Tell us about that cool science project you did. Tell us how you're always starting novels and you finally finished one. Tell us how you got promoted to manager at your job. Tell us about the first meal you cooked by yourself. Tell us how you took care of your grandmother when she was dying. Tell us about the time you protested that awful policy at your school and succeeded in getting it changed. Or tell us how you didn't succeed, but you still think it was the right thing to do.

Tell us about something real. (Numbers on a transcript are not real.) Tell us about something that will stay with you. (Your 4.0 will not stay with you. One muffed test, or one cranky teacher, and it's gone forever. You will not miss it.)
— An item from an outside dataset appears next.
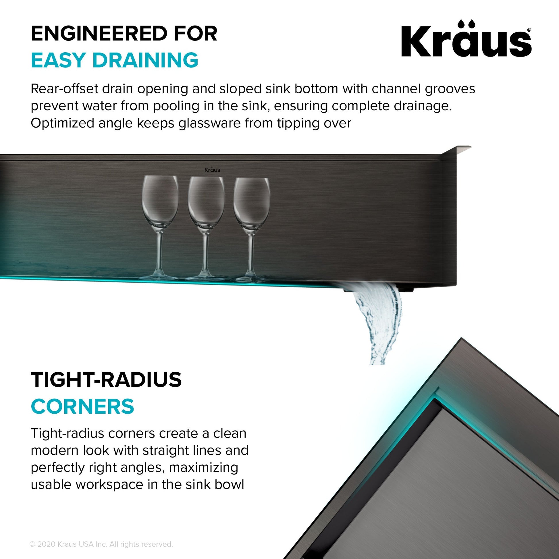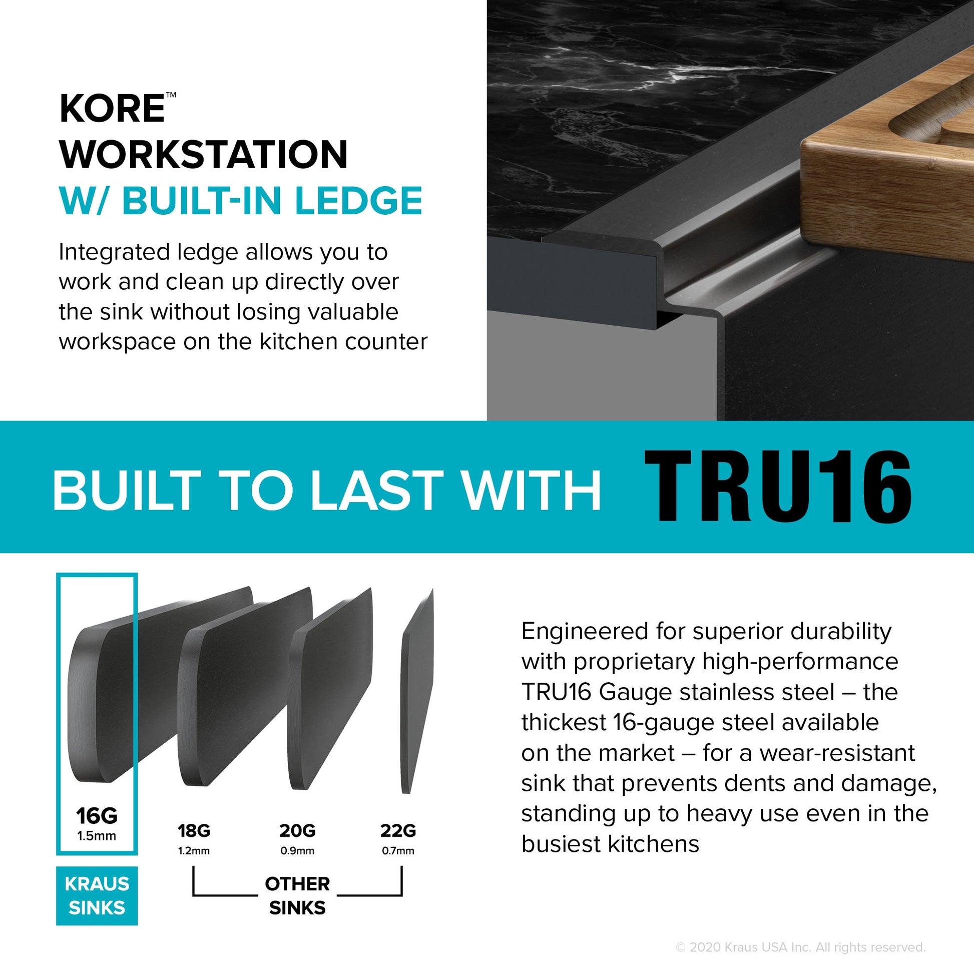 HIGH-PERFORMANCE 16 GAUGE STEEL: Constructed from proprietary KRAUS TRU16 - the thickest 16-gauge stainless steel for superior durability and resistance to dents and damage

If you must tell us about your grades, tell us about how you blew off ninth grade geometry for half a semester and panicked when you realized your midterm average was a 47% and your parents were absolutely going to kill you when they found out, and then you buckled down and turned yourself into a geometry machine for the next nine weeks and managed to bring your final grade up to a hard-won C. And that was how you realized you were actually good at math when you could be bothered to put in the time and effort.

Oh wait, that wasn't you, that was me. (They let me into college anyway. They even let me be a professor, eventually.) And it happened back in 1991, before parents could check their kid's grades online every single night and find out about every missed homework assignment at once; back when teachers could assign an F and make it stick.

I think I see the problem here...

2 comments:

Fie upon this quiet life! said...

I did scholarship interviews a couple of weeks ago. The lameness of the responses made me cringe. The only good responses we got came from a girl who had been through the foster care system. She understood what education was worth.

Fretful Porpentine said...

We do get some delightful candidates, but this year's crop seems to have a few too many who are playing it safe, listing heaps of activities and honors but not showing much in the way of personality or intellectual curiosity. (And we did, indeed, have one who listed the Bible as her favorite book and her mom as her favorite person. I thought of you.)